Task description =
Once you find the line with "MONSIEUR by GIVENCHY" in the entries below, print it and each line after it up to and including the line with "The image displays", exactly, without pictures.

Source material =
►

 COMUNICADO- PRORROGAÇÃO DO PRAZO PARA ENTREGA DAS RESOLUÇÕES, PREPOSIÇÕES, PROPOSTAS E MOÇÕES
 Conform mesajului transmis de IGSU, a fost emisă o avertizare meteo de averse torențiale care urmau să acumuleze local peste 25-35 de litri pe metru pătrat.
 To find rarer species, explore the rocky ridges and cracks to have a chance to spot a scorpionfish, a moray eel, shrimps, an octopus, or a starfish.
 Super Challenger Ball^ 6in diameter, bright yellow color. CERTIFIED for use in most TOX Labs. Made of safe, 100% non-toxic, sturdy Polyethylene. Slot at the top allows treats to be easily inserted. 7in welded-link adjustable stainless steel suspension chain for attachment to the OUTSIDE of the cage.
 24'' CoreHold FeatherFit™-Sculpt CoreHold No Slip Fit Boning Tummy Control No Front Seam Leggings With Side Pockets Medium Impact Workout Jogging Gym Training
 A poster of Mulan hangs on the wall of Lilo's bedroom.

◄
►

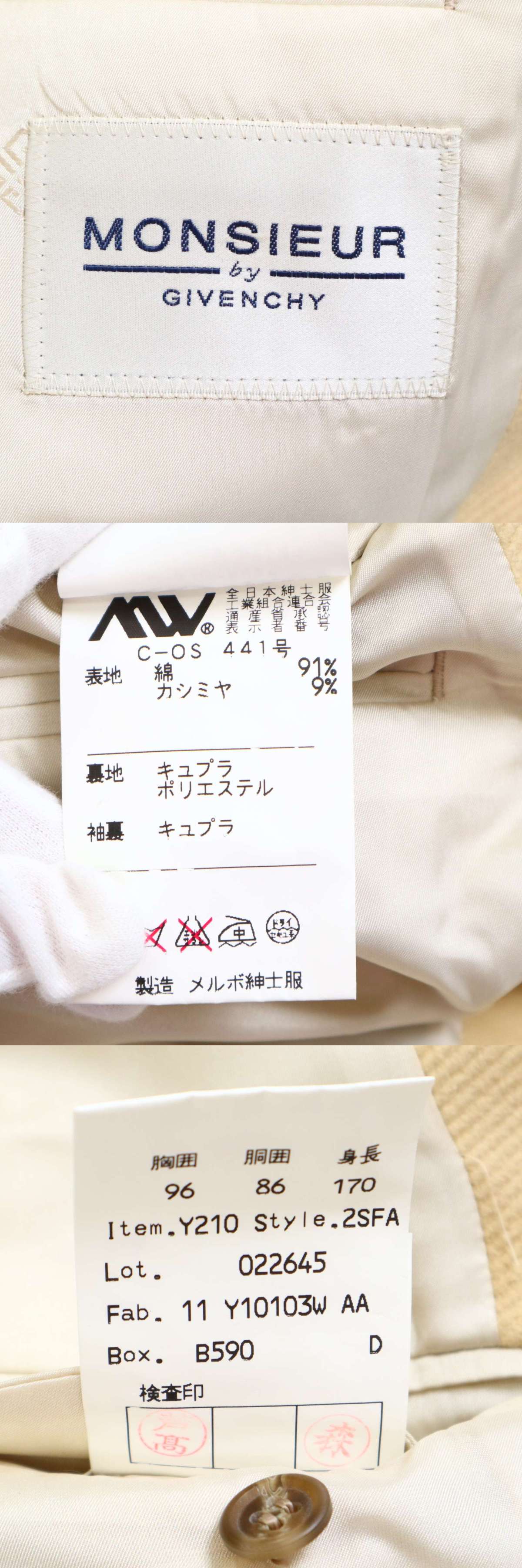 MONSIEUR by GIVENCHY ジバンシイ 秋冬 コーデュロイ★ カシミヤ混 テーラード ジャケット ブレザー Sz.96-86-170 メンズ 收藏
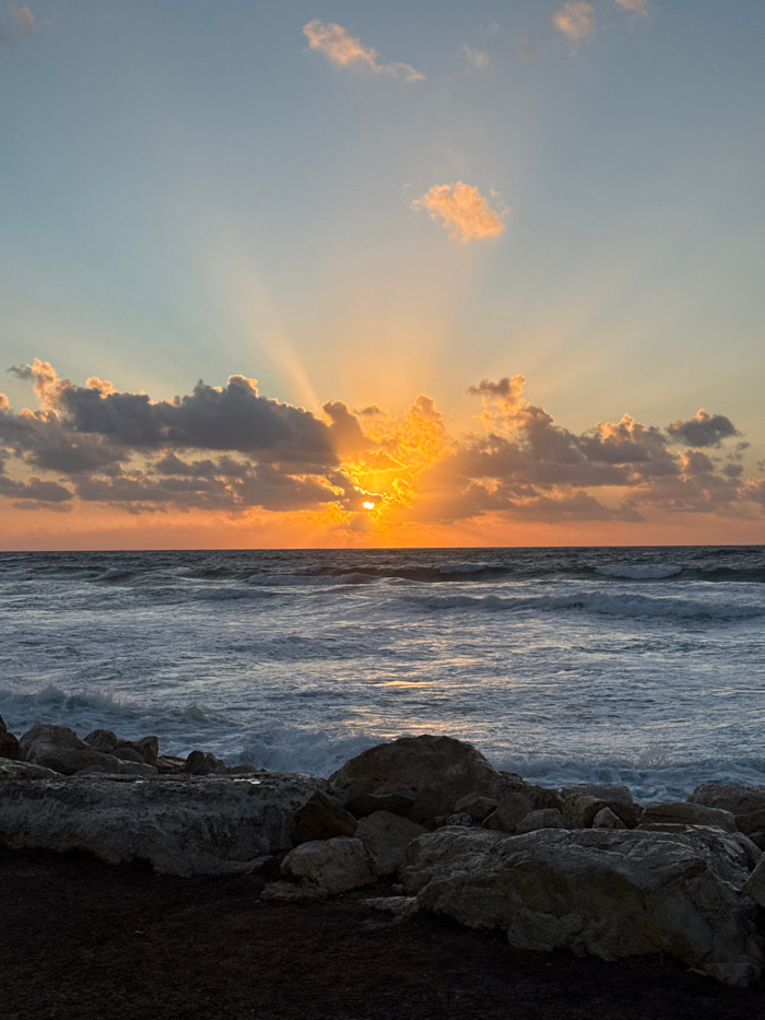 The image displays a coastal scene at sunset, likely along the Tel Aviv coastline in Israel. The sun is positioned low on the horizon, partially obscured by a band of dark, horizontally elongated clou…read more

◄

The answer =
 MONSIEUR by GIVENCHY ジバンシイ 秋冬 コーデュロイ★ カシミヤ混 テーラード ジャケット ブレザー Sz.96-86-170 メンズ 收藏
 The image displays a coastal scene at sunset, likely along the Tel Aviv coastline in Israel. The sun is positioned low on the horizon, partially obscured by a band of dark, horizontally elongated clou…read more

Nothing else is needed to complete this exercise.